When you were between 4-6 years old, you and your dad went up in a hot air balloon in Wanginui. You didn’t go far off the ground because the ropes anchoring the balloon were still attached. It was around May/June; a colder season. (Garry et al., 2005, p. 360).

With that simple beginning, some 40% of volunteers developed some false memory of the balloon ride – and said that they could relive the balloon ride in their mind and actually see it in their mind’s eye. Some 30% said they could feel the emotions of the ride, and 20% said outright that they believed the balloon ride had really happened. All that from just setting the stage for a story, and letting people imagine what it had been like.

Now imagine Brian Williams starting with a relatively mundane helicopter ride – as mundane as it can get in a war zone, so probably featuring plenty of adrenaline and emotion. At that time, in 2003, his memory would have been very precise and accurate, all the details and timeline vivid. But over a few months or years, some of those details lose their crisp edges, blurring together and fading. This doesn’t stop people from asking about the events, though, so every now and then you dust those memories off. To make the story more appropriate for a conversation – not too self-aggrandizing, and definitely not a therapy session – some details will be deliberately left out of a story. And because they are left out of the story, they will fade more quickly, or vanish altogether. Meanwhile, in the case of a news anchor who is covering other events of the war all the time, other memories might intrude. Other helicopter rides, other video footage of Iraq and RPGs. Echoes and images from those events might sneak into the original memory of that one helicopter ride. At least one accounting of Williams’ story shows how it has changed over the years, suggesting that this has indeed been a gradual morphing of the memory rather than immediate boastful grandstanding.

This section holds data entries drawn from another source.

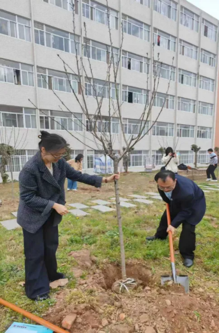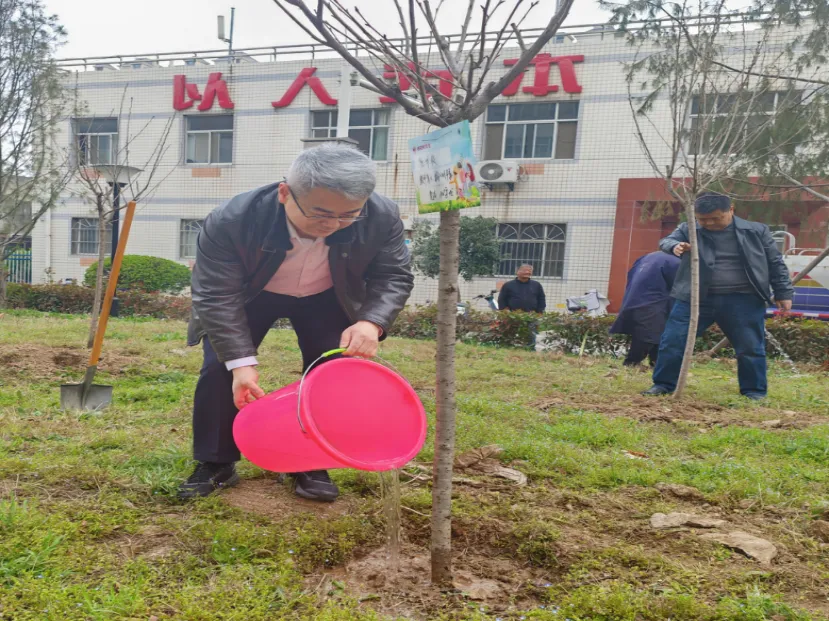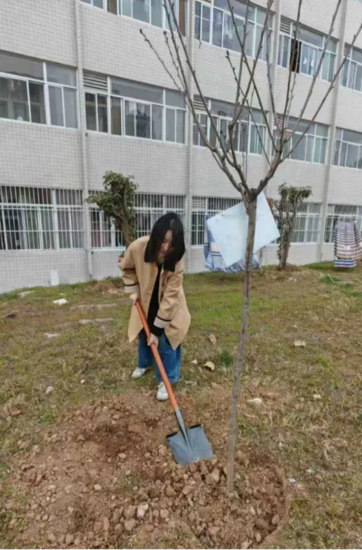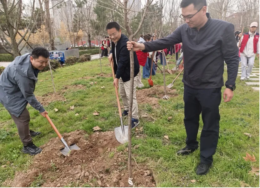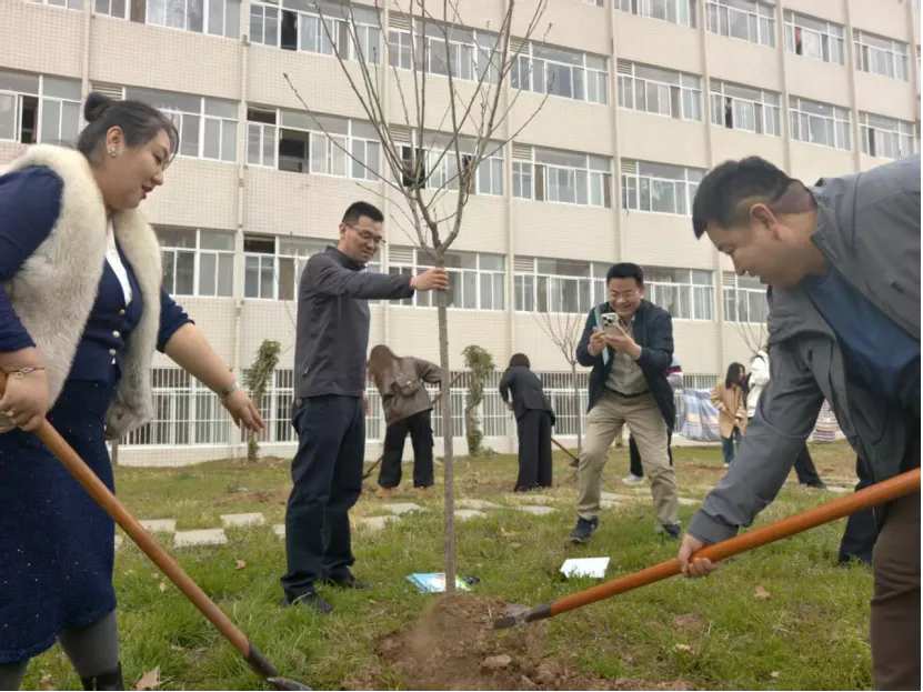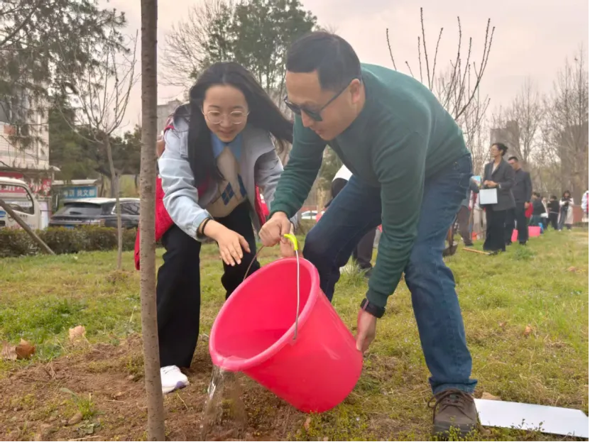 活动现场,暖意融融、干劲十足。校友们自发分组协作,挥锹铲土、扶苗培土、提水浇灌,分工明确、配合默契。有的校友细心扶正树苗,确保根系舒展、树形周正;有的校友奋力挥锹,将泥土均匀覆盖在树苗根部,压实踩牢;还有的校友提着水桶,缓缓浇灌每一株新苗,仿佛在呵护一份珍贵的希望。汗水浸湿了衣衫,却挡不住大家的热情,欢声笑语回荡在校园的上空,成为春日里西法大长安校区最动人的风景。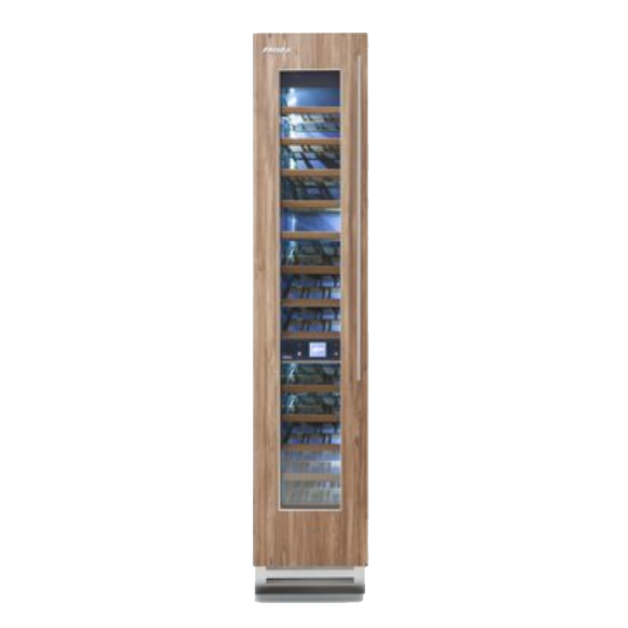 2 farklı ısı ayarına ve üst kısmı şaraplık, alt kısmı tek çekmece dondurucu özelliğine sahip şarap dolabı.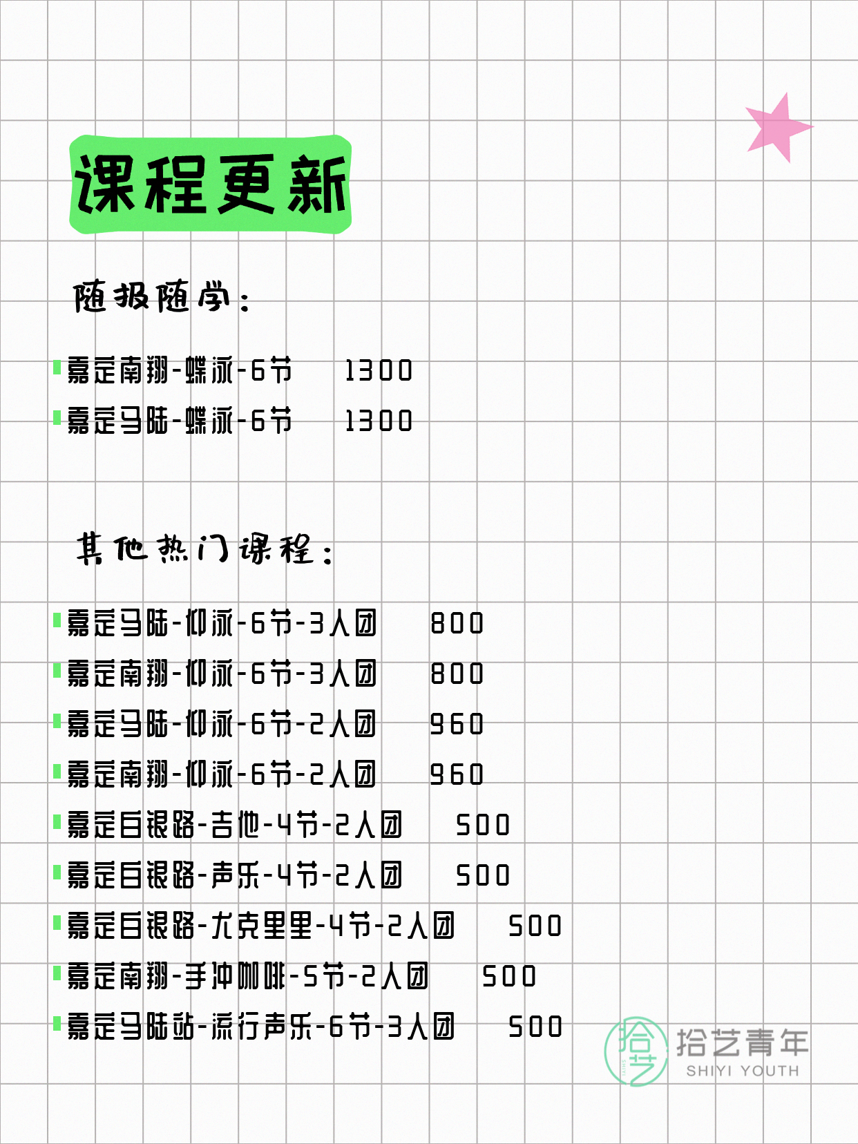 ⭐ 仰泳-嘉定马陆-6节-3人团 💰800
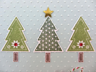 I heat embossed the image in black and some colour on the tree using Promarkers. There is also some dry embossing with the Swiss Dots folder on the cream panel.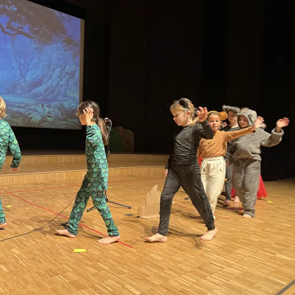 Les 6e années prennent ensuite le relais avec une énergie remarquable. Leur sens du rythme, leur présence scénique et la qualité de leur narration installent les fondations de l’histoire de Mowgli, captivant instantanément le public.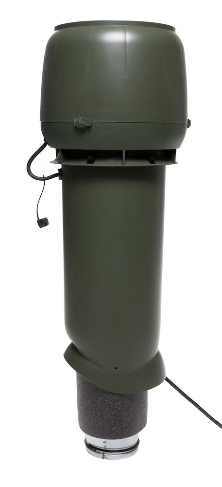 E190Р/125/700 вентилятор представляет собой трубу с колпаком, в который встроен вентилятор. Труба теплоизолирована для предотвращения образования конденсата в трубе. Внутренняя труба изготовлена из оцинкованной стали и имеет теплоизоляцию толщиной 50 мм. Длина внутренней трубы позволяет вставить ее в подводимый воздуховод на длину 300 мм. Это облегчает вертикальный монтаж в тесных чердачных помещениях и одновременно делает конструкцию более прочной. Нижний край внутренней трубы имеет резиновый уплотнитель, герметизирующий соединение трубы и воздуховода.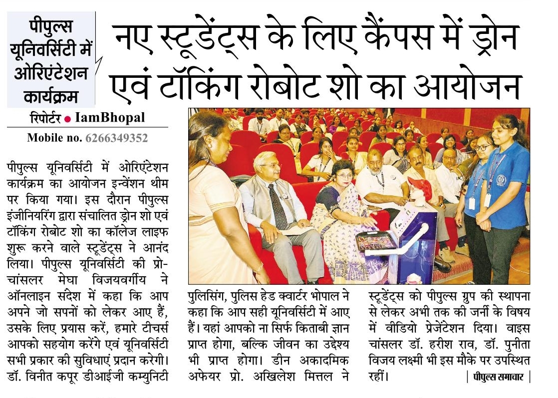 - पीपुल्स यूनिवर्सिटी में ओरिएंटेशन कार्यक्रम, नए स्टूडेंट्स के लिए कैंपस में ड्रोन एवं टॉकिंग रोबोट शो का आयोजन. – 18-Sep, 2025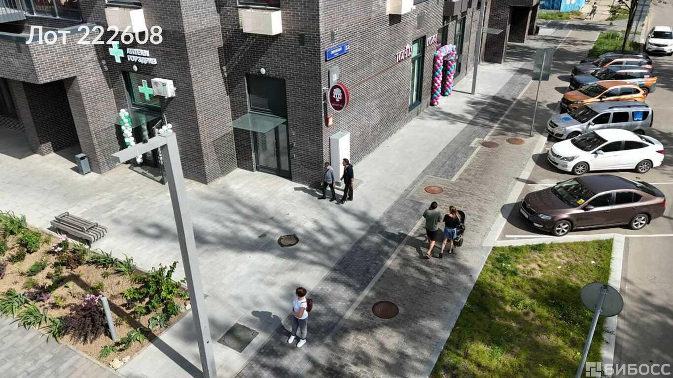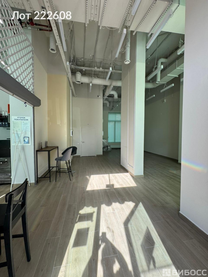==ЛОТ 222608 ==Высота потолков: 5, 5 м (возможность устройства антресоли). - Коммуникации: мокрая точка (холодная и горячая вода), кондиционер, электрическая мощность 20 кВт (с возможностью увеличения). - Отдельный вход с фасада. - Парковка перед помещением. Преимущества расположения: Угловое помещение на первой линии, выходит на площадь перед ТЦ «София», рядом автобусная остановка. В шаговой доступности: школа, поликлиника, детские сады, парки.

For most of us, these memory shifts and intrusions pass unremarked, because there is no one to call us on the inaccuracy of what we’re “remembering”. I can recall a few false memories of my own. My sister and I have had some vehement debates about whether, that one year in our childhood, the duct tape marking territory went down the middle of our shared bedroom (as she claims) or shared playroom (as I know to be true). There was the time I thought a high school teacher had told a story during an interview I conducted, and it turned out he had mentioned it in a speech to the entire graduating class. I try not to think about how many other false memories might be floating around inside my head.

The common perception seems to be that memory is like a photograph or a movie, that might be misplaced (when forgotten entirely) or faded (when forgotten in part), but still true to life in whatever you can still see. In fact, our memories are more like a Word document: we change them every time we use them. Think of writing a paper, draft by draft. You write your first draft, and save it. Later, you open it to make changes, deleting text here and adding it here. Come back a week later and open one more time. Pick a sentence. Did you write that the first time? Or was it when you opened it up to edit? A year from now, will you remember how many drafts you went through, or whether there’s any real connection between what you wrote in the first draft, and what you ended up with in the final version? We might need fancy Photoshop software to alter our photographs, but all we have to do to alter our memories is try to remember them. Most of us are just lucky enough not to have the entire media machine ready to pounce on us the moment our “memory” turns out to be more story than fact.